Quiet Riot singer Kevin DuBrow has been arrested for failing to pay off a concert goer who sued him five years ago, but the veteran metal rocker is pleading poverty.

According to the Charlotte Observer, DuBrow, 43, told a judge in Charlotte, NC, that he hasn't had a royalty check since 1987, he lives with his mother, and he can't even afford a car -- he borrows hers. Although he once boasted an income of $500,000 a year, he no longer owns any property and owes $54,000 in back taxes. He claims to have only made between $18,000 and $25,000 last year from a brief stint as a Las Vegas disc jockey and scattered Quiet Riot club tours that pay him just $200 to $250 a show.

After hearing the sob story, the sympathetic judge reduced the DuBrow's bond from $210,000 to $1000, and even gave the rocker two weeks to come up with the money.

DuBrow was sued by Susan Pilot Hawkins for a broken leg and other injuries the woman claims she suffered at a 1994 Quiet Riot club show in Charlotte

when DuBrow supposedly threw another member of the audience on top of her. She won a default judgement of $105,000. DuBrow denies throwing anybody off the stage and claims he didn't know about the judgement.

Sheriff's deputies arrested DuBrow Tuesday at Charlotte/Douglas International Airport when the band arrived for a scheduled appearance at local nightclub. He spent the night in jail.

When DuBrow was released, he sang a few bars of his band's 1983 hit, "Cum Feel The Noize," for reporters.

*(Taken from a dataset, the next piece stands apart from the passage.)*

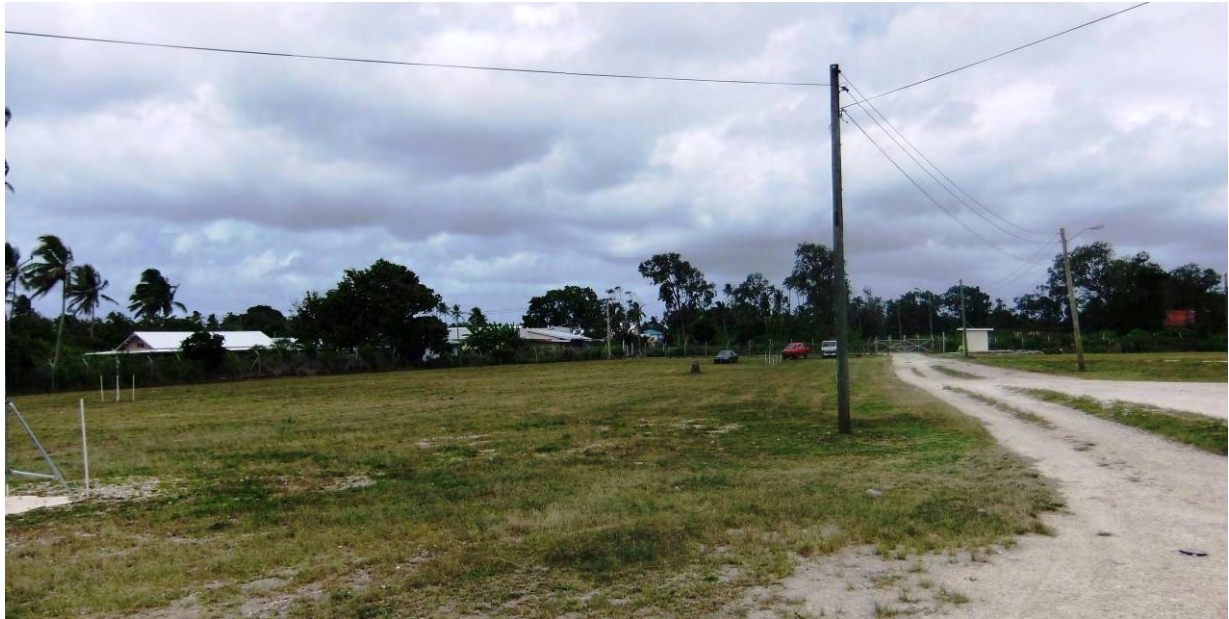
Figure 5 – Proposed solar farm site looking northeast towards security hut and Maritime School

He said that he didn't regret being broke, he had fun spending the money, and was buoyed by the fact that he ran across so many fans over the course of his arrest and incarceration -- even the judge's wife knew the song through her aerobics class.

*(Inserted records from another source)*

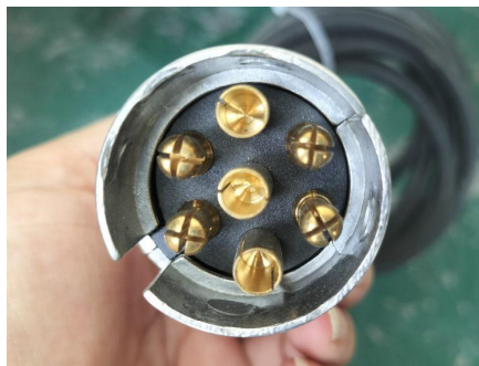
- 7 Pin Trailer Connector -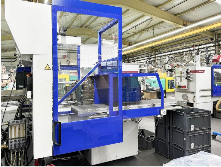
Fig. 5: As integrated complete solutions, the production cells have only a small footprint.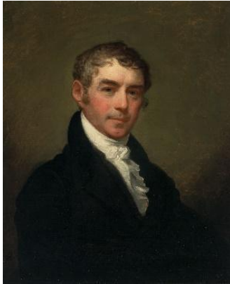
On October 8 th SEHA acquired Gilbert Stuart's portrait of William Eustis from the Metropolitan Museum of Art. William Doyle Galleries, Inc. served as auctioneer.

A local lawyer recruited by the band told the Observer that he was excited when he was called in to defend rock stars, but his bubble soon burst when he met the group as they were pooling quarters to take clothes to a nearby coin laundry.

The paper reports that the lawyers for both sides plan to meet in the near future in an attempt to work out an agreement and a payment plan.